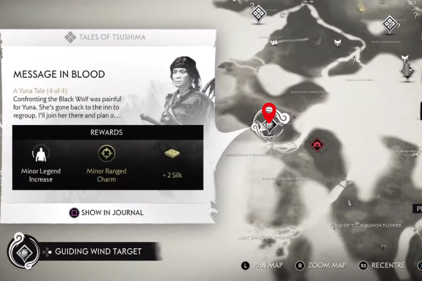 Finally, return to Ishikawa to complete the mission. As a reward, you will get a small increase in your Legend, a lesser ranged charm, and 2 pieces of Silk.
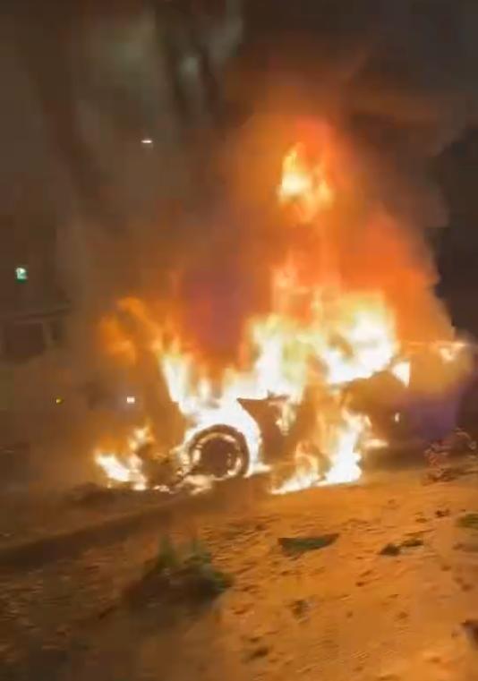 网上多段视频显示,一辆小汽车冲上绿化带后车头燃起大火,火势迅速蔓延很快将车身吞噬,但车尾的兰博基尼标识依然清晰可见。
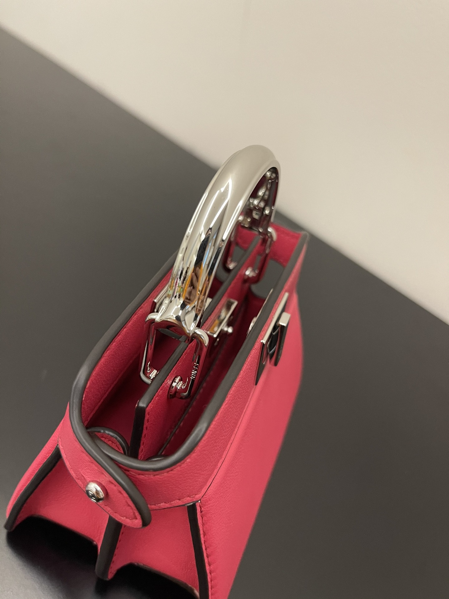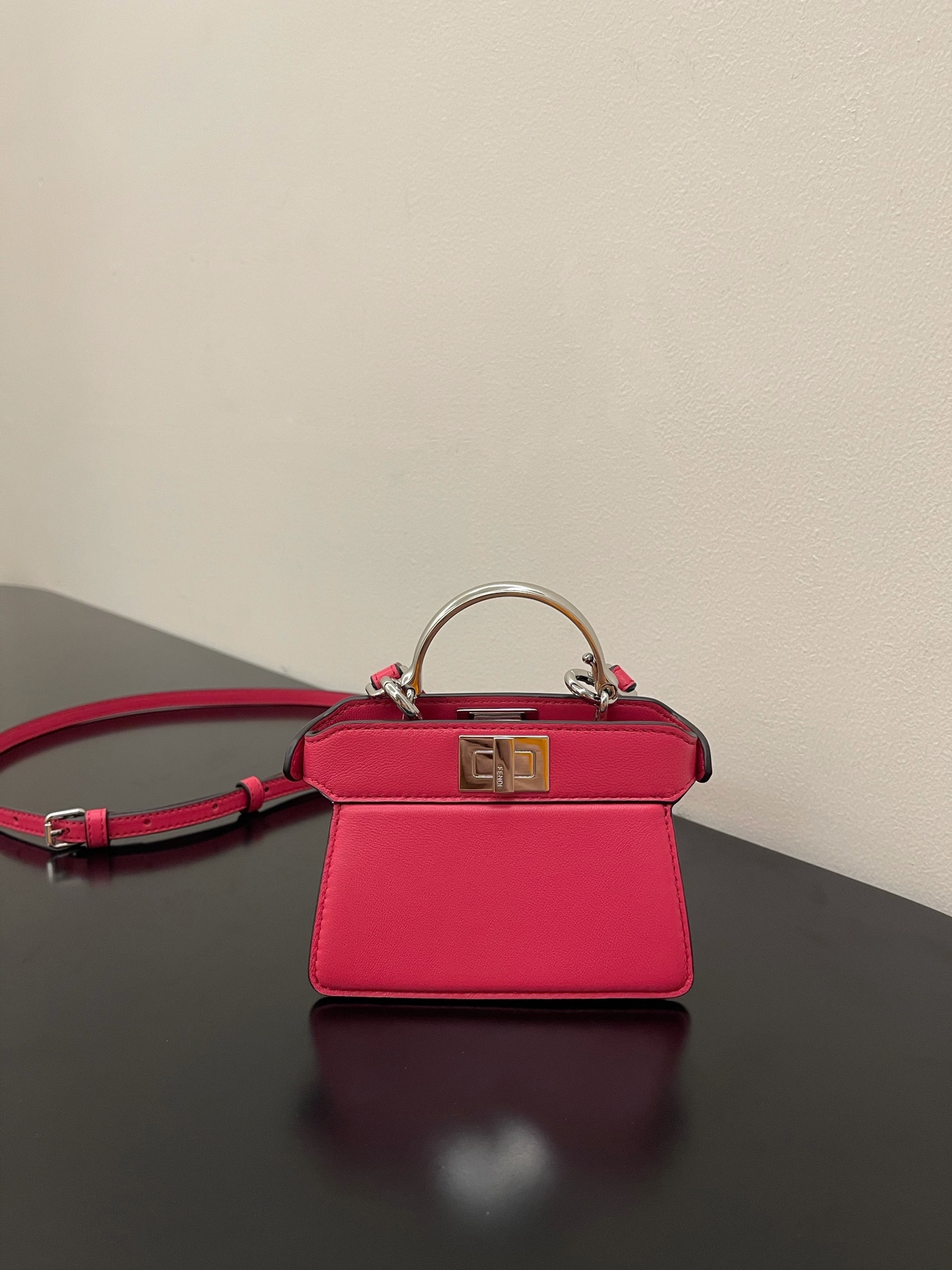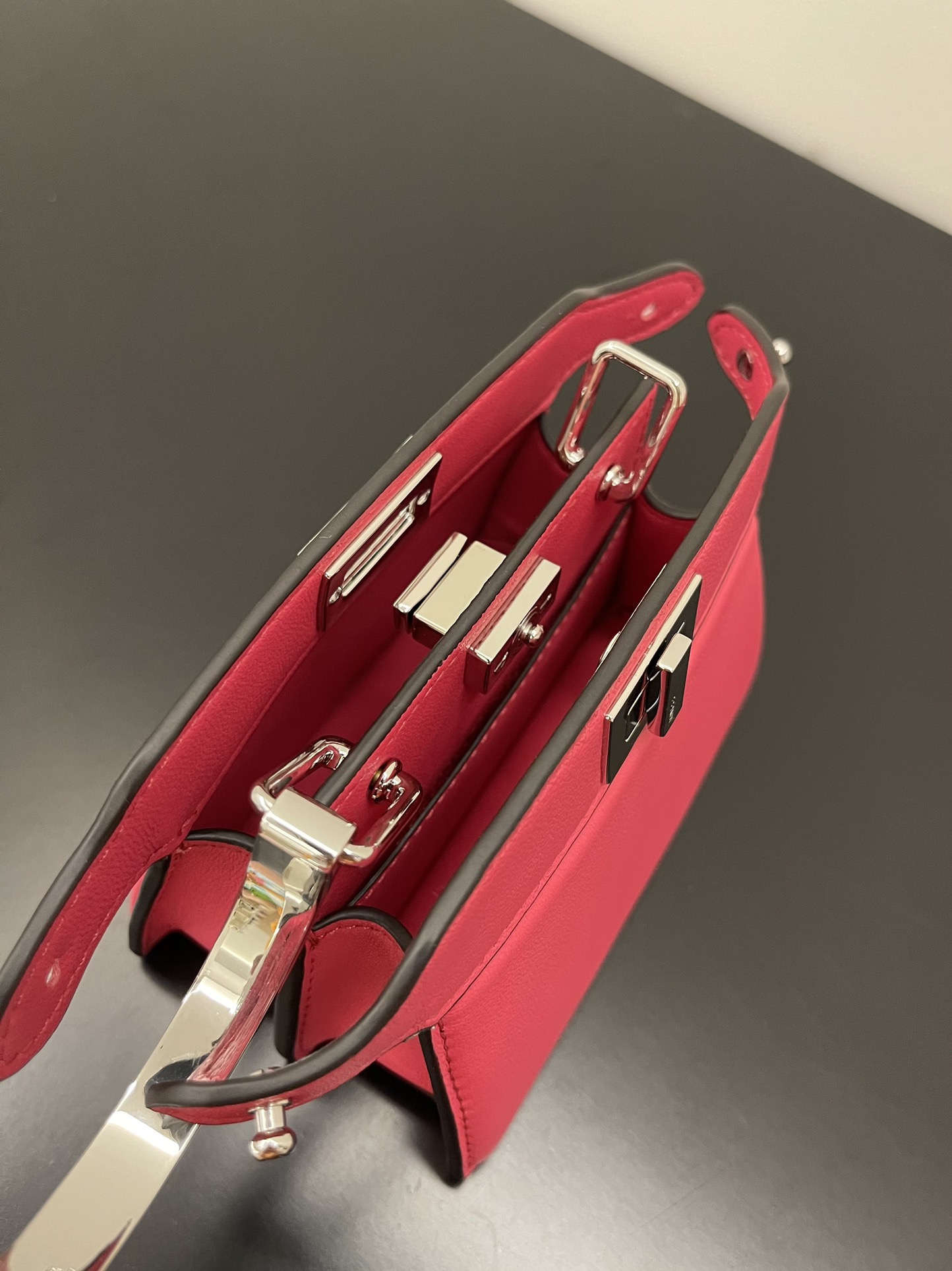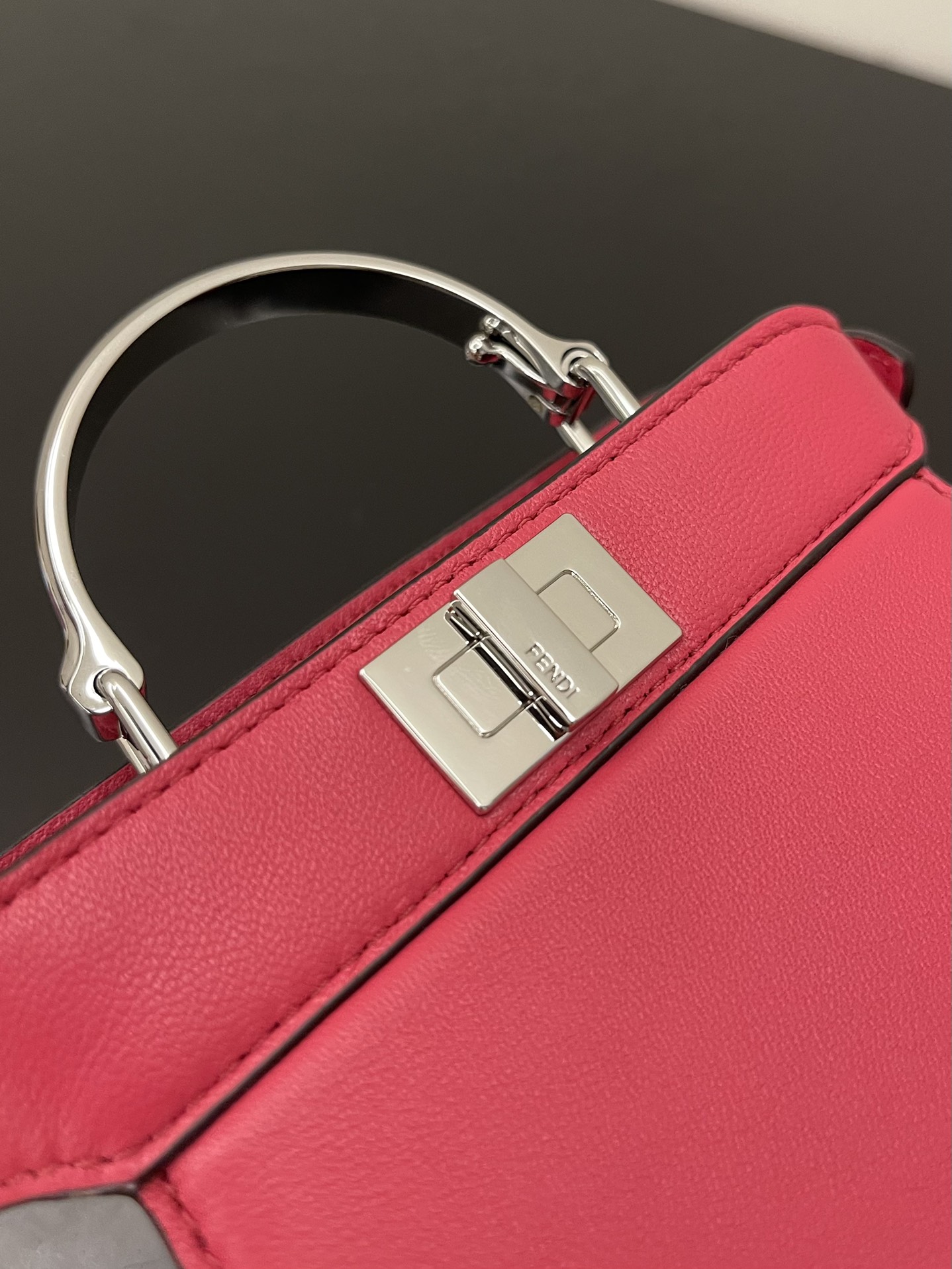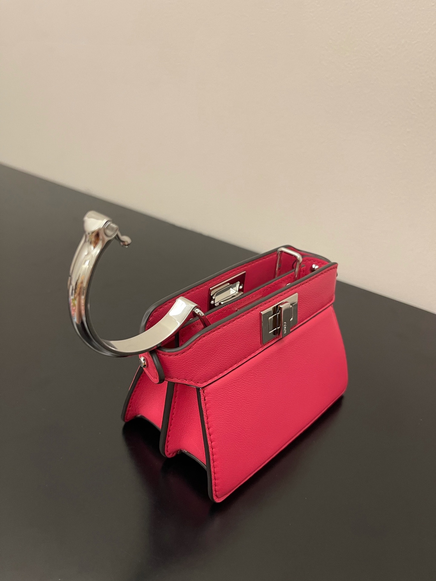 Iconic Peekaboo ISeeU bag in an ideal, compact size. Made from soft, padded, Pink nappa leather and embellished with the classic twist lock on both sides.

Directions for this task:
Exactly as written, return every line of the listing, but not the pictures.

Written solution:
 Finally, return to Ishikawa to complete the mission. As a reward, you will get a small increase in your Legend, a lesser ranged charm, and 2 pieces of Silk.
 网上多段视频显示,一辆小汽车冲上绿化带后车头燃起大火,火势迅速蔓延很快将车身吞噬,但车尾的兰博基尼标识依然清晰可见。
 Iconic Peekaboo ISeeU bag in an ideal, compact size. Made from soft, padded, Pink nappa leather and embellished with the classic twist lock on both sides.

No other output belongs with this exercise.